[Opening RECORDED INFORMATION section]

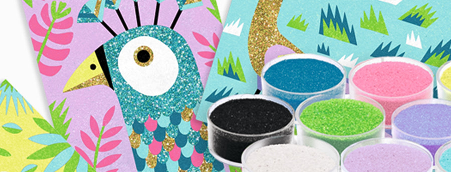 魚をテーマにしたサンドアート製作キットカラフルなサンドとグリッターを組み合わせて、きらびやかな魚たちを描きましょう。4つのイラストをキラキラに彩れます。 【遊び方】ボードのシールを剥がし、サンドをふりかけて色をつけましょう。残ったサンドは集めてポットに戻します。これを繰り返し、絵を完成させます。 うれしい知育効果カラフルなサンドを使い、様々な色に触れることは色彩感覚を養い、お子さまの感性を育みます。また、絵を描く手段は鉛筆やペンだけでないということを理解し、表現方法の幅を広げていきます。 サンドアートサンド&グリッター ダズリング バーズ サンドアートサンドアート デリシャスリーキュート
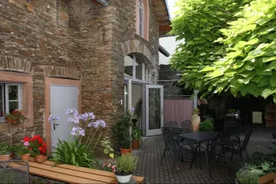 In unserem traditionellen Winzerhaus befinden sich großzügige Ferienwohnungen, die mit Blick auf die Schiefersteillage im Dhroner Hofberg verwöhnen.
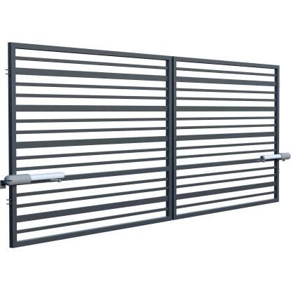 Das Polargos Doppeltor Rubin mit elektrischem Antrieb besteht aus horizontalen Streben und einem Rahmen. Es eignet sich dank seiner geraden Linienführung sowohl für klassische als auch für moderne Gebäude. Es ist ein System von geschweißten Stahlprofilen. Das Paket beinhaltet Antrieb, 4 x Scharniere und Montagezubehör. Sie müssen 2 x Pfosten mit Nietmuttern und oder 4 x Maueranker kaufen.

[Closing RECORDED INFORMATION section]

Give back the material exactly as written, from its first line to the line that contains "In unserem traditionellen", and leave out the pictures.

__TASK RESULT__:
 魚をテーマにしたサンドアート製作キットカラフルなサンドとグリッターを組み合わせて、きらびやかな魚たちを描きましょう。4つのイラストをキラキラに彩れます。 【遊び方】ボードのシールを剥がし、サンドをふりかけて色をつけましょう。残ったサンドは集めてポットに戻します。これを繰り返し、絵を完成させます。 うれしい知育効果カラフルなサンドを使い、様々な色に触れることは色彩感覚を養い、お子さまの感性を育みます。また、絵を描く手段は鉛筆やペンだけでないということを理解し、表現方法の幅を広げていきます。 サンドアートサンド&グリッター ダズリング バーズ サンドアートサンドアート デリシャスリーキュート
 In unserem traditionellen Winzerhaus befinden sich großzügige Ferienwohnungen, die mit Blick auf die Schiefersteillage im Dhroner Hofberg verwöhnen.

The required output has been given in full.